Fakat koronavirüsle mücadelenin ilk aşamalarında kullanılan ‘hidroksiklorokin’, diğer ilaçlara oranla tehlikeli olarak görülmekte. “Deneysel ilaç” olarak geçen hidroksiklorokinin kullanımı 25 Mayıs 2020’de Dünya Sağlık Örgütü tarafından durduruldu. Ardından ise Fransa ve İsrail de bu ilacın koronavirüs tedavisinde kullanılmasını yasakladı.

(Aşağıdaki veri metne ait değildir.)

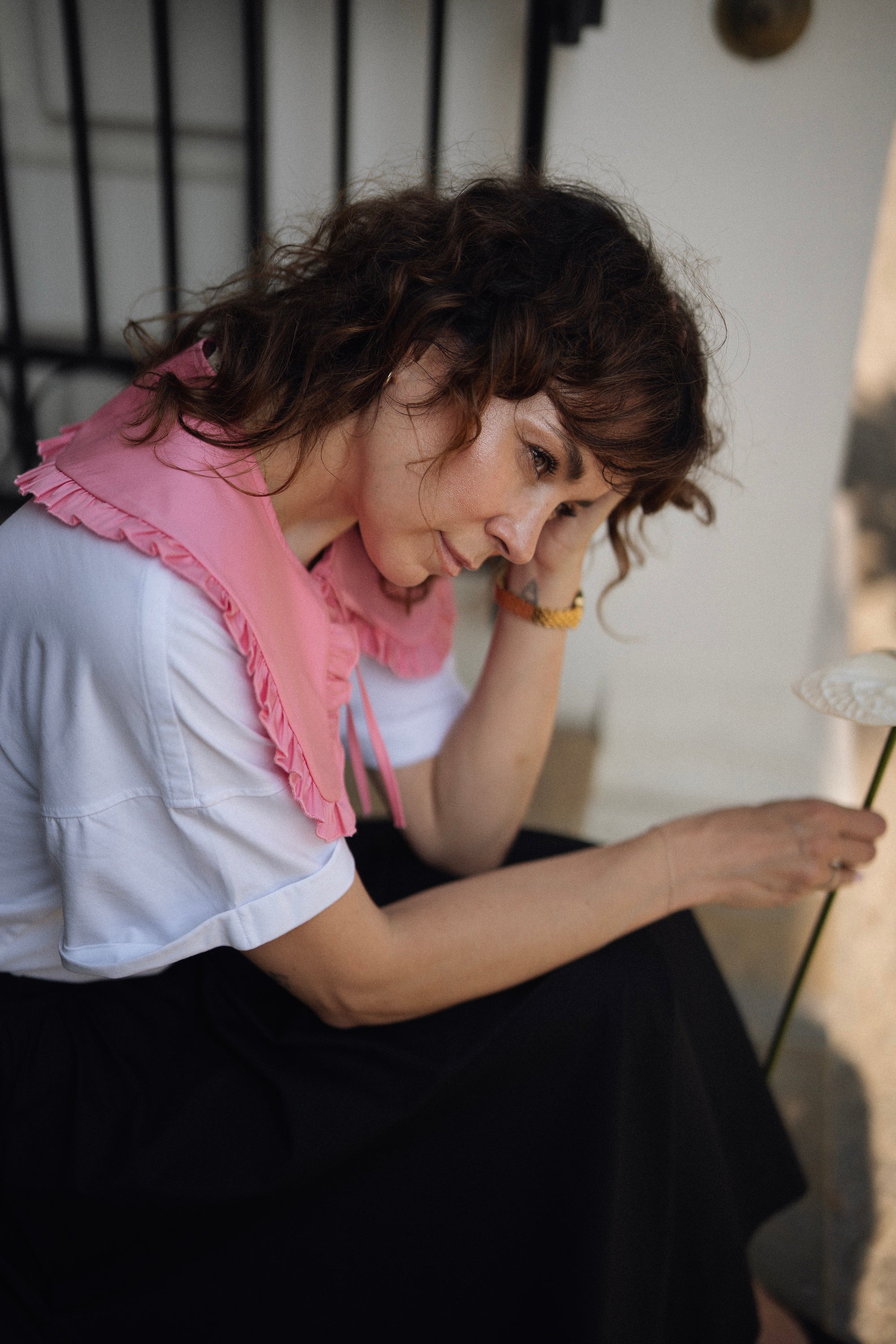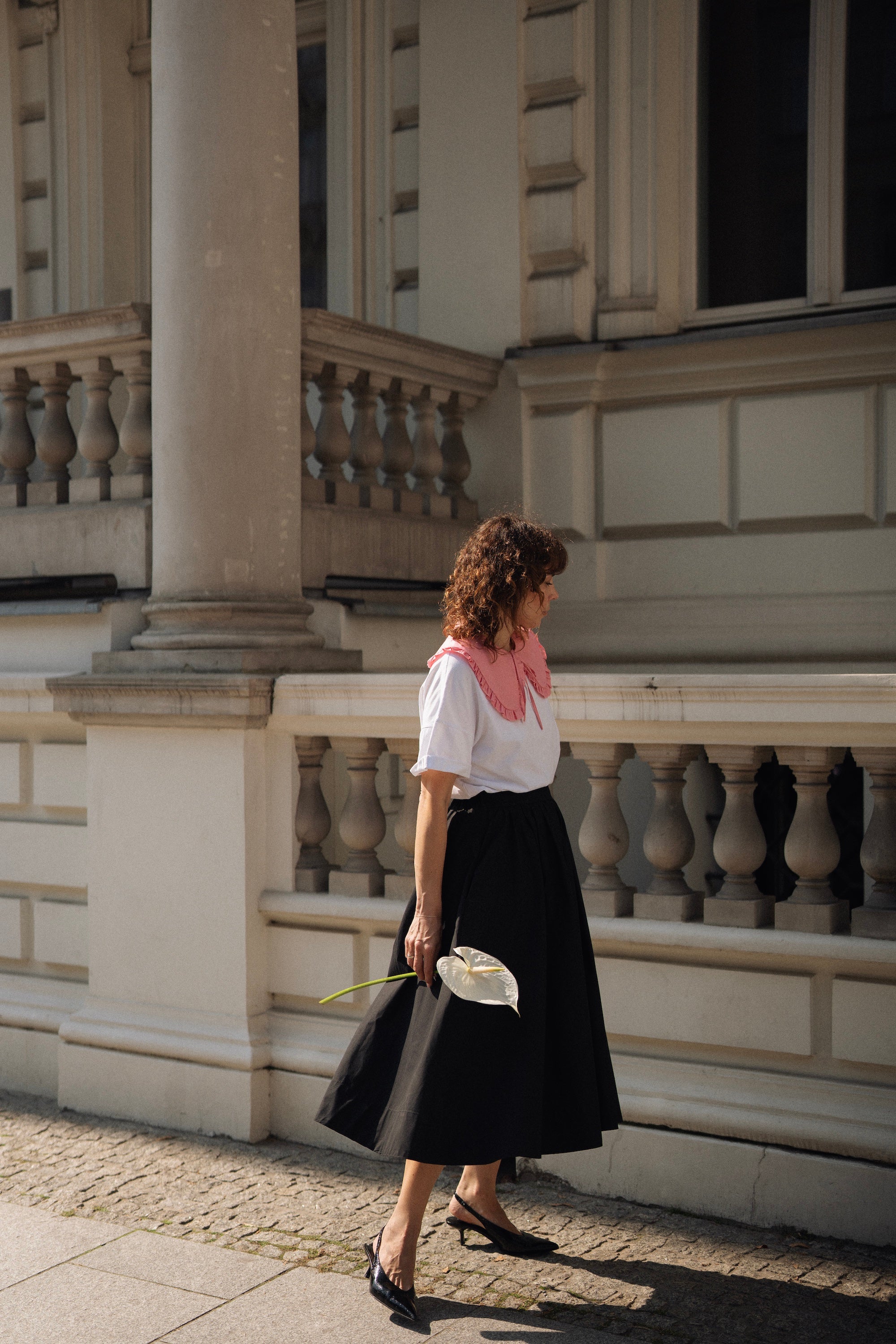 Wykonany z wysokogatunkowej bawełny, wykończony subtelną falbanką i przewiązany u szyi — Zuzu w różu odmienia każdą stylizację. Nawet najprostszy T-shirt lub sweter nabiera elegancji i wdzięku w kilka sekund. Odkryj jego moc: noś go z oversize’ową marynarką, jeansami typu mom fit albo… solo — jak Ci się podoba.

Klinik Farmakoloji Uzmanı ve Türkiye Akılcı İlaç Kullanım Platformu Başkanı Prof. Cankat Tulunay ise ilaç hakkında 96 bin kişilik çalışmada hiçbir tedavi görmeyenlerde ölüm oranı yüzde 9.3 iken hidroksiklorokin veya beraberinde antibiyotik ile ölüm oranları yüzde 20-25’lere çıktığını ifade etmişti. Tulunay ayrıca ABD, Kanada ve Fransa’da yapılan çalışmalar sonucu ilaçların etkilerinin olmadığını ama yan etkilerinin olduğunu da belirtti. Türkiye’de ise hidroksiklorokinin kullanımı Dünya Sağlık Örgütü’nün uyarılarından tam 11 ay 13 gün sonra (8 Mart 2021 tarihinde) durduruldu.
Aşılar Bağışıklık Sistemini Çökertiyor mu?
İddianın üçüncü kısmında aşıların bağışıklık sisteminin çökerttiği söylenmişti. Farklı uzmanların belirttiğine göre, aşıların bağışıklık sistemine zarar verdiğine yönelik bir ilişki bulunmamakta.
Etkisiz virüsler aşıyla vücuta enjekte edildiğinde bağışıklık sistemi iki aşamalı bir tepki oluşturuyor. Aşının vurulmasıyla birlikte bağışıklık sistemi vücutu gelen virüse karşı korumak için kısa süreli bir reaksiyon gösteriyor. Aynı şekilde yan etkilerde bu safhada ortaya çıkıyor ve bağışıklık sistemi virüse karşı tepki veriyor. Belli bir süre geçtikten sonra ise vücut virüsü tanır hale geliyor ve bu sayede bağışıklık sistemi güçleniyor. Belli bir süre sonrasında ise oluşan antikor seviyesine de bağlı olarak vücut virüse karşı bağışıklık kazanılmış olur.
Aşıların bağışıklık sistemine bir zararı olmamasına karşın, koronavirüse yakalanan kişilerin eğer bağışıklık sistemi kuvvetli değilse ölüm oranları yükselebiliyor. Bu sebepten dolayı pandemi başlangıcından itibaren birçok kurum ve uzman bağışıklık sisteminin güçlendirilmesi konusunda insanları uyarıyor.
İddia YANLIŞ
6 Mayıs 2021 tarihinde bir Instagram kullanıcısı tarafından aşı ve ilaçların hastalığa sebep olduğu ve bağışıklık sistemini çökerttiği iddia edilmişti. Paylaşımda yer alan ilk iddia incelendiğinde virüslere karşı aşılar görünür bir şekilde işe yarıyor. İkinci iddia incelendiğinde ise ilaçların insanları direkt olarak hasta ettiği yanlış ve tedavi süresince kullanılan ilaçların çoğu işe yaramakta, işe yaramayanların ise birçok ülkede kullanımının durdurulduğu görülüyor. Üçüncü kısımdaki iddia edilen aşıların bağışıklık sistemini çökertmesi hakkında da bir bağlantı bulunmuyor, aksine aşılar virüslere karşı vücudun bağışıklığını güçlendiriyor.

Sonuç olarak;

Aşılar ve ilaçlar hastalık üretiyor ve bağışıklık sistemini çökertiyor iddiası yanlış.